The dawn of Purushottama-yoga
: attainment of divine qualities
1. In the first five Chapters of
the Gita, we saw the whole scheme of life and the means of achieving
life's purposes. Then, from the Sixth to the Eleventh Chapter we had
a vision of bhakti. In the Twelfth Chapter we compared the saguna
and nirguna forms and saw the qualities of the bhakta.
Throughout this Chapter we analyzed
thoroughly the two principles of karma and bhakti.
Then there remained the third principle of jnana and this we
studied in the Thirteenth, Fourteenth and Fifteenth Chapters. We
learnt how to separate the Self from the body, how to master the
three gunas and in the end see God everywhere. The Fifteenth
Chapter gave us the complete science of life, which reaches
perfection in purushottama-yoga. After that, nothing remains.
2. I cannot bear to see karma,
jnana and bhakti separated. To some seekers
established in karma, this is the only thing that appears
worth-while.
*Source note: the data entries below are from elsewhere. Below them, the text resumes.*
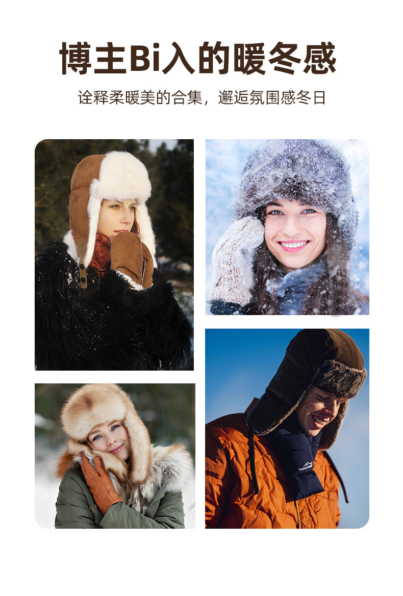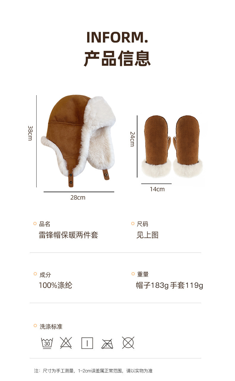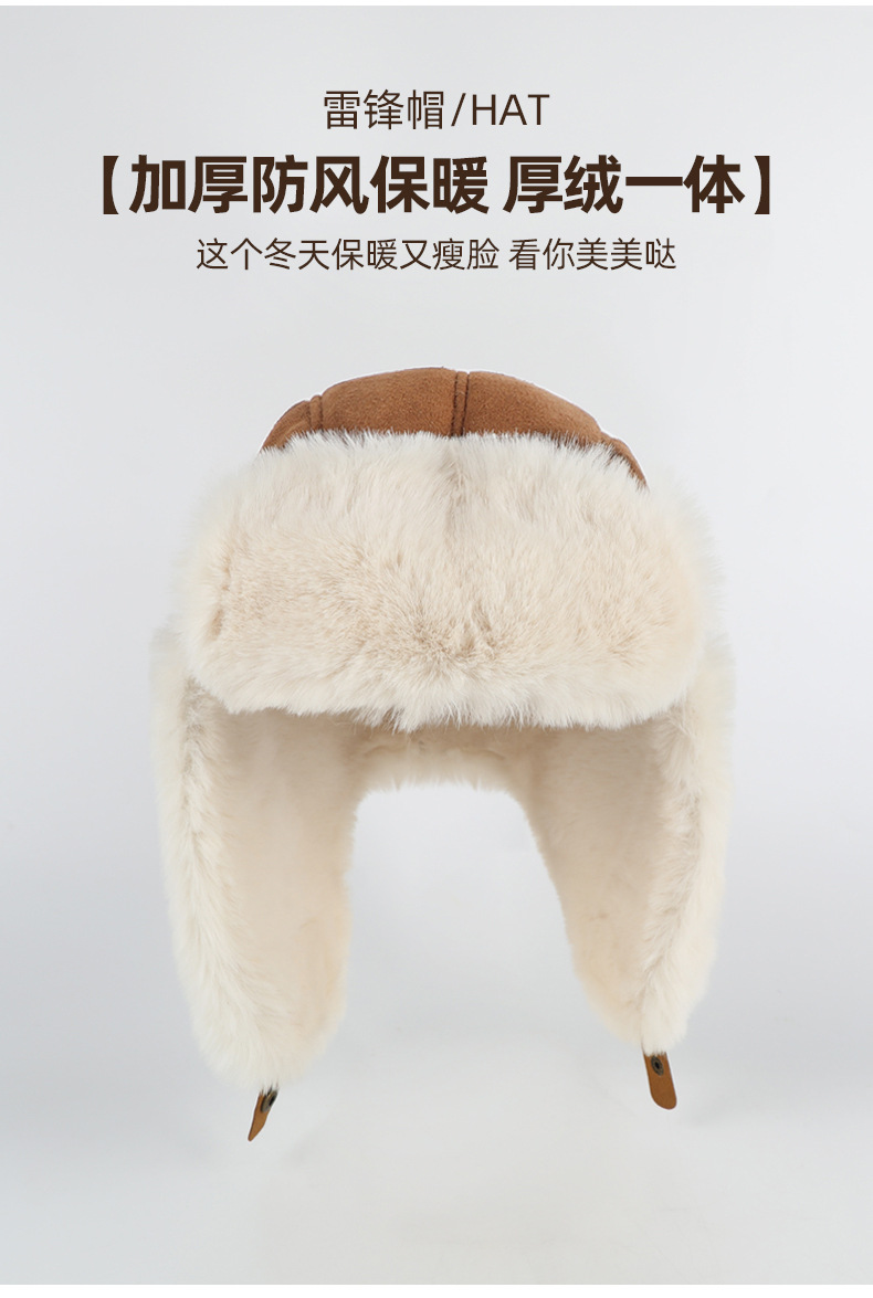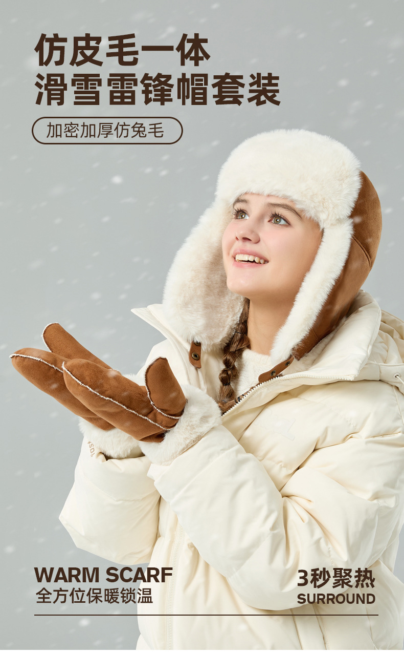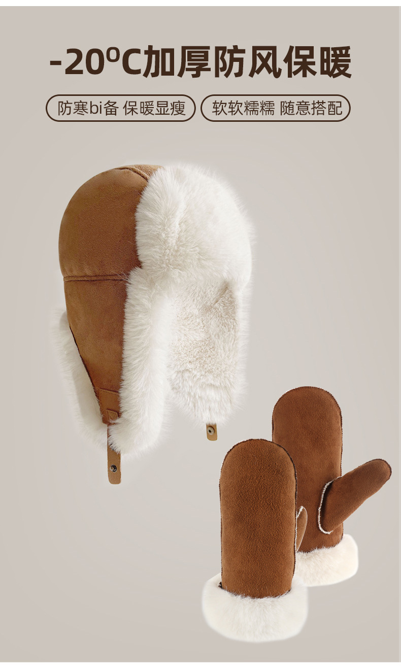 秋冬麂皮绒雷锋帽毛绒加厚护耳帽保暖滑雪帽兔毛手套户外防寒套装
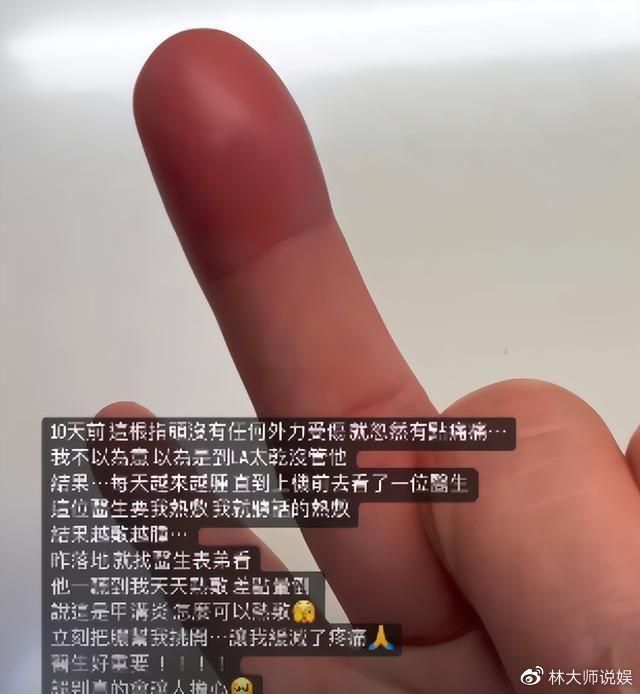 前几天贾静雯还晒出自己手指红肿的照片,称之前手指没有受到任何伤害,突然无缘无故开始红肿疼痛,吓得她赶紧跑去看医生。
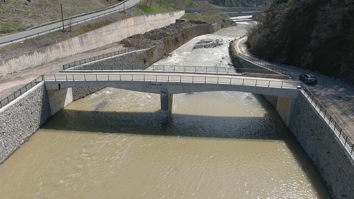 2024 yılında Trabzon, Rize, Giresun, Gümüşhane ve Bayburt illerine toplamda 7,5 milyar TL yatırım yapan DSİ 22. Bölge Müdürlüğü, Doğu Karadeniz’in zorlu coğrafyasında 2024 yılında 75 adet taşkın kontrol inşaatını tamamladı. Bu taşkın kontrol inşaatlarının muhtevasında yapılan araç ve yaya köprüleriyle de vatandaşlarımızın günlük yaşamı oldukça kolaylaştırılıyor. İnşa edildikleri yere ayrı bir güzellik katan bu estetik ve emniyetli köprüler, kesit itibari ile taşkınlarla mücadele konusunda önemli avantajlar sağlarken, çoğunlukla kemer köprü şekilde inşa edilmeleri yönüyle de vatandaşlarımızın takdirini topluyor. Ecdadımızın mirasına onların mimari anlayışı ile sahip çıkan DSİ, bu köprülerle Trabzon şehir merkezi ile birlikte ilçelerin de çehresini değiştiriyor.
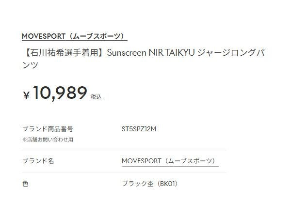 6. ムーブスポーツ サンスクリーン エヌアイアール タイキュウ ジャージロングパンツ 石川祐希選手着用 メンズ MOVESPORT Sunscreen NIR TAIKYU Jersey Long Pants
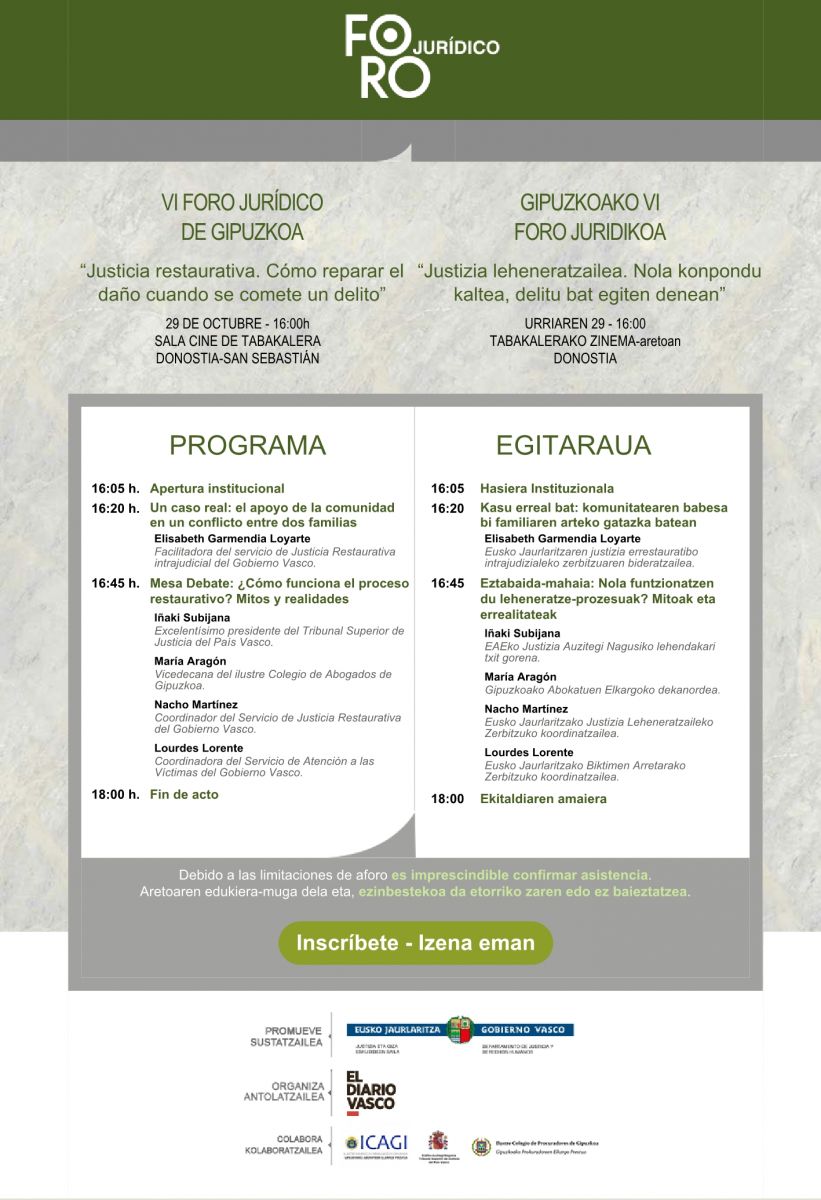 VI foro jurídico de Gipuzkoa: Justicia restaurativa. Cómo reparar el daño cuando se comete un delito
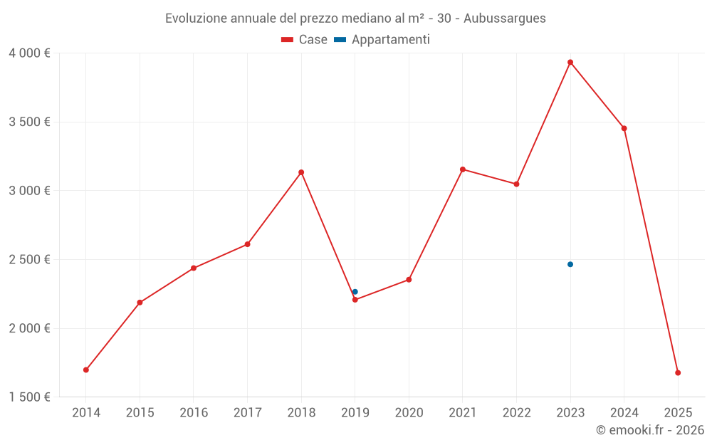 Evoluzione del prezzo mediano al m² degli appartamenti
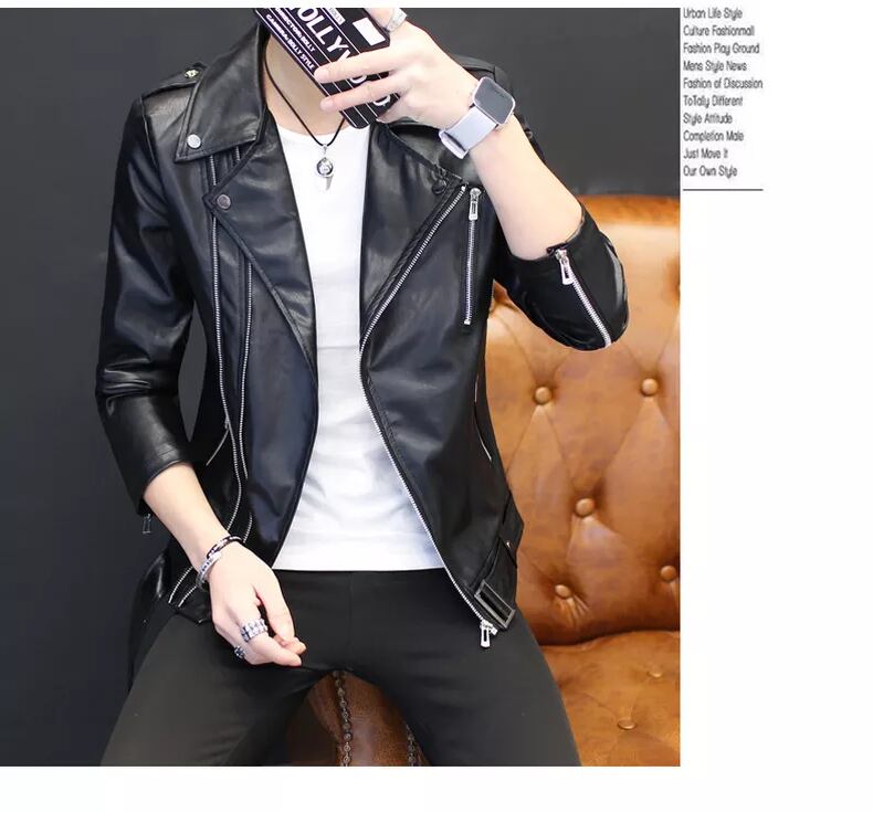 Youth personality short leather men's version of the motorcycle leather jacket trend spring and autumn handsome casual thin coat ショート カジュアル スプリング 春物 オータム 秋物 レザー doushi7303919670
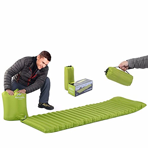 Brand: Naturehike Model: NH16D003-D Color: Orange.Green Unfolding size: 1860*600*85mm Folding size: 250*105mm Packing about weight: 650g Material: Nylon Suitable for:camping,climbing,floating Place of origin: China Usage:Open the mat,insert the air bag's inflatable mouth to the mat's inflatable mouth,roll the air bag 3-4 times,then the mat will be filled with air. 0
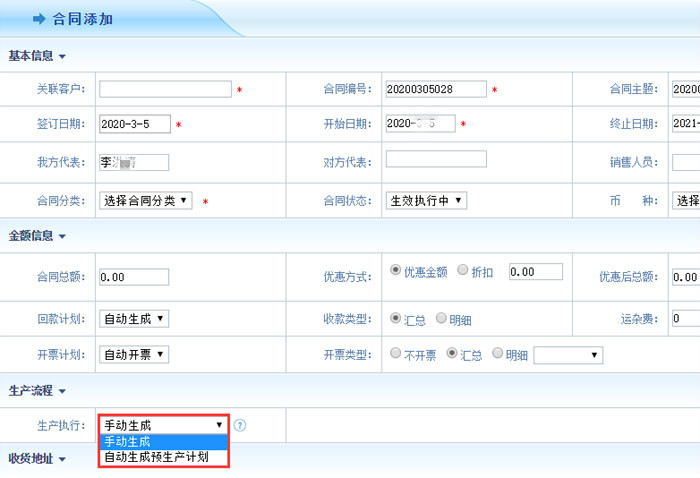 智邦国际ERP系统由合同手动、自动生成预生产计划
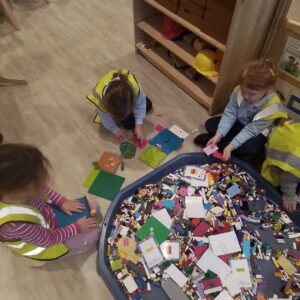 In the construction area the children have been busy building houses of all shapes and sizes. We have been discussing the different types of homes we live in and the differences between them. During nurture time we used Google maps to find our house and see where it is in relation to the nursery.
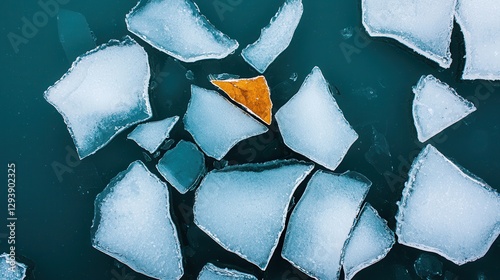 ice, fragment, water, blue, texture, nature, cold, winter, orange, pattern, contrast, geology, natural, environment, glacé, crystal, piece, reflect, beauty, landscape, aerial, surface, seasonal, seasonal change, calm, irregular, calmness, detail, scenic

Others regard bhakti as an independent method
and place all their emphasis on it. Still others choose jnana.
Life does not mean mere karma or mere bhakti or mere jnana.
I do not like this "mere" philosophy. And I do not accept
the opposite view that would combine karma, bhakti and
jnana. Nor do I like the utilitarian philosophy of a little
of bhakti, a little of jnana and a little of karma.